### INPUT DATA
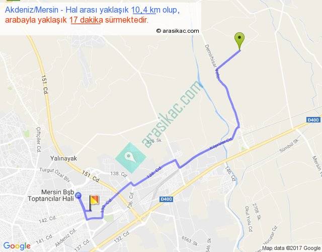 Akdeniz Mersin - Hal arası yaklaşık olarak 90 km/h ile yukarıda belirtilen sürede olup, iki yerin kuş uçuşu uzaklığı (mesafesi) 7'dir. Yolculuk otobüsle 22 dakika sürmektedir.
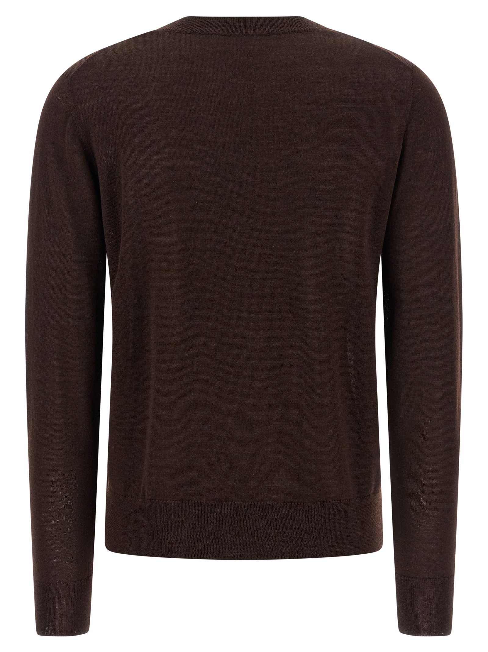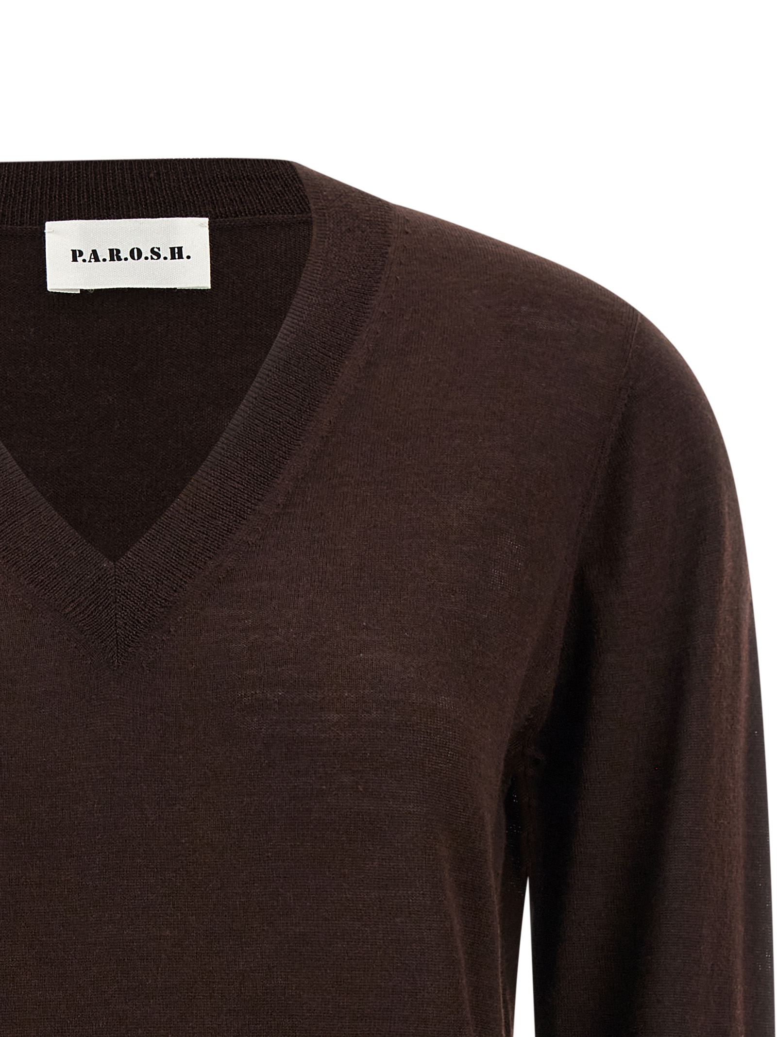 'Linfa26' sweater in wool, silk and light cashmere blend, V-neck, long cuffed sleeves, and band on the hem.
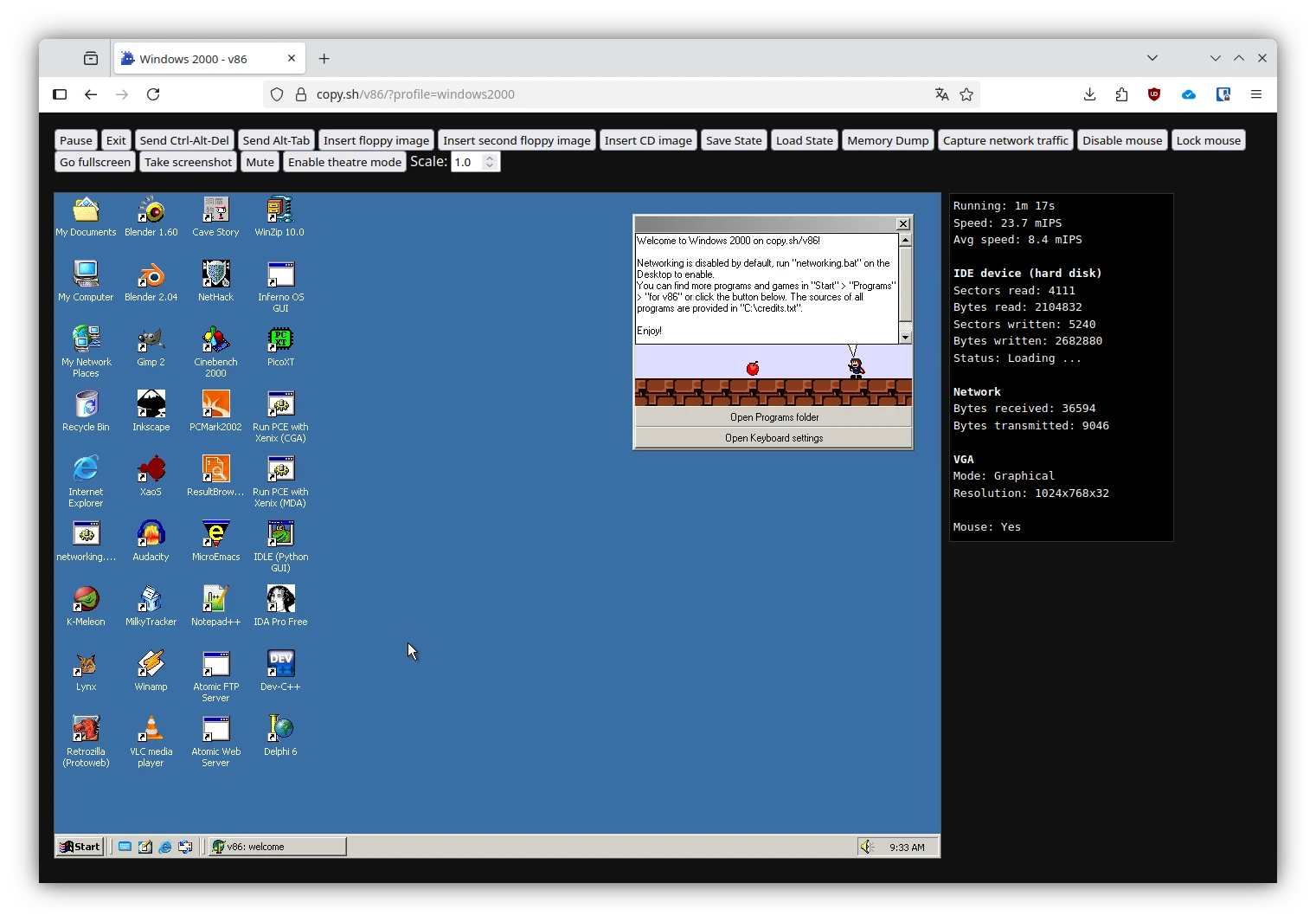 v86 Emulator這個專案好厲害,可以在瀏覽器裡面跑完整的32位元作業系統。

### YOUR TASK
Take the lines from the one holding "on the hem." through the final line of the listing above and copy them exactly, both ends included, with no pictures.

### RESULT
 'Linfa26' sweater in wool, silk and light cashmere blend, V-neck, long cuffed sleeves, and band on the hem.
 v86 Emulator這個專案好厲害,可以在瀏覽器裡面跑完整的32位元作業系統。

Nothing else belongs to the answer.